Generated index.html contains HTML errors
Closed this issue · 4 comments
The following index.html (generated for JesterJ project, head today) has several errors in the html. One thing I would like to do in my build is automate checking that the links in the report are valid (non 404/400/etc) to detect things like junrar's invalid link to it's own license (junrar/junrar#95). Valid markup would make this easier, particularly xhtml would be best.
index.h_t_m_l.txt
Warning: This document appears to be written in English. Consider adding lang="en" (or variant) to the html start tag.
From line 1, column 1; to line 2, column 6
↩<html>↩<head
For further guidance, consult [Declaring the overall language of a page](https://www.w3.org/International/techniques/authoring-html.en?open=language&open=textprocessing#textprocessing) and [Choosing language tags](https://www.w3.org/International/techniques/authoring-html.en?open=language&open=langvalues#langvalues).
If the HTML checker has misidentified the language of this document, please [file an issue report](https://github.com/validator/validator/issues/new) or [send e-mail to report the problem](mailto:www-validator@w3.org).
Error: The character encoding was not declared. Proceeding using windows-1252.
Error: Start tag seen without seeing a doctype first. Expected <!DOCTYPE html>.
From line 1, column 1; to line 2, column 6
↩<html>↩<head
Error: Start tag head seen but an element of the same type was already open.

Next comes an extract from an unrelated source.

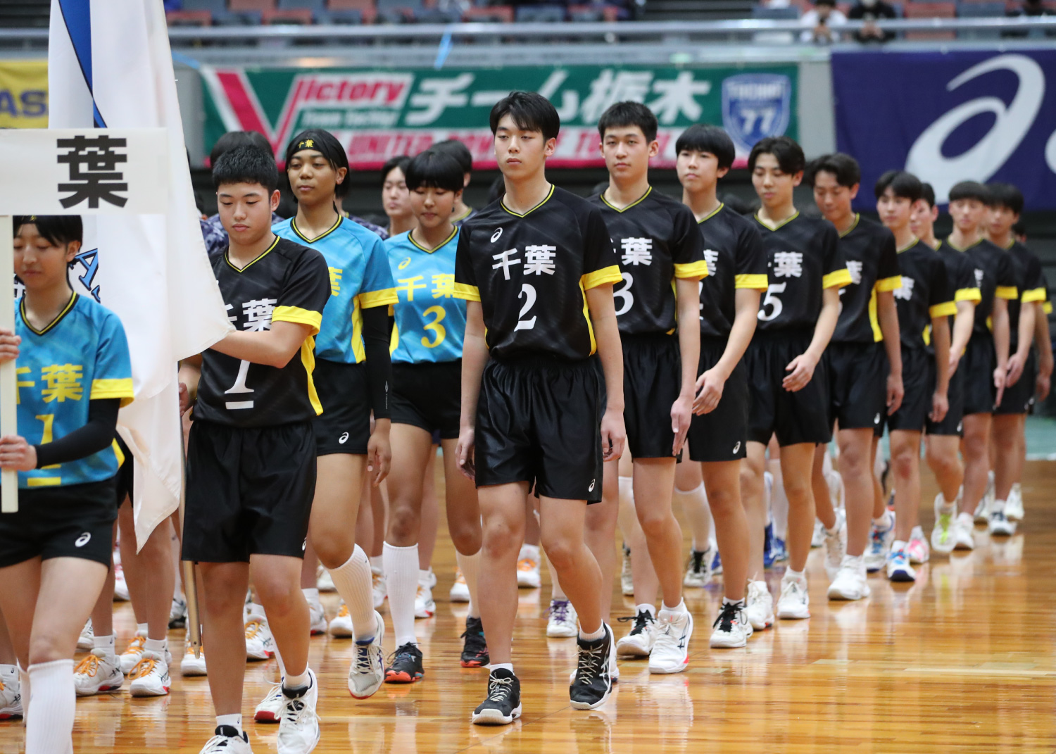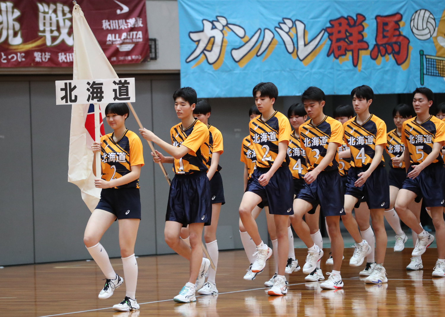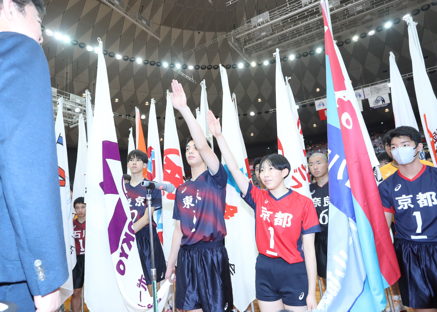 選手宣誓は前回大会優勝チームの男女キャプテンが務め、東京都男子代表の草薙羅云選手と京都府女子代表の桝谷栞愛選手が「私たちは、バレーボールが大好きな気持ちとここまで続けてこられた感謝の気持ちを胸に、今日このコートに立っています。毎日の練習でうまくいかないことや苦しいこともありましたが、仲間と声をかけ合い、一歩ずつ成長してきました。支えてくれた家族、指導してくださった先生やコーチ、そして大会を開いてくださった多くの方々への感謝を忘れずにプレーすることを誓います」と宣言しました。

From line 7, column 1; to line 7, column 6
</title>↩<head>↩<body
Error: No p element in scope but a p end tag seen.
From line 598, column 9; to line 598, column 12
>↩ </p>↩
Hi @nsoft,
If you're trying to automate HTML parsing you're probably barking at the wrong tree. The plugin has plenty of renderers to pick from, JSON and XML ones will be much easier to parse.
Also, if you're looking only to validate and fix the links consider implementing your own filter instead. This will greatly simplify the whole thing, making the entire parsing step unnecessary.
Sure, but I see no good reason for you to produce broken html?
<head>
<title>
Dependency License Report for ingest
</title>
<head> <----- should be close tag
In my case I was thinking of publishing the html into my uber-jar because it is a reasonably convenient format for a human tryin to understand what's going to be running. As such I'm interested in verifying what ever makes it into the html I intend to publish. I was hoping to throw something ike https://github.com/rackerlabs/gradle-linkchecker-plugin at it... Still learning your tool, and next I'll want to eliminate references to licenses I am not choosing to use (i.e. if it's GPL and MPL, and I'm intending to use under MPL, I want the GPL reference removed) so I'll look if something with filtering helps there. The link you provide seems to be the same as the list of renderers however.
The link you provide seems to be the same as the list of renderers however.
My bad, here're the proper links
https://github.com/jk1/Gradle-License-Report#filters
https://github.com/jk1/Gradle-License-Report#writing-custom-renderers-importers-and-filters
Sure, but I see no good reason for you to produce broken html
Me neither, will fix that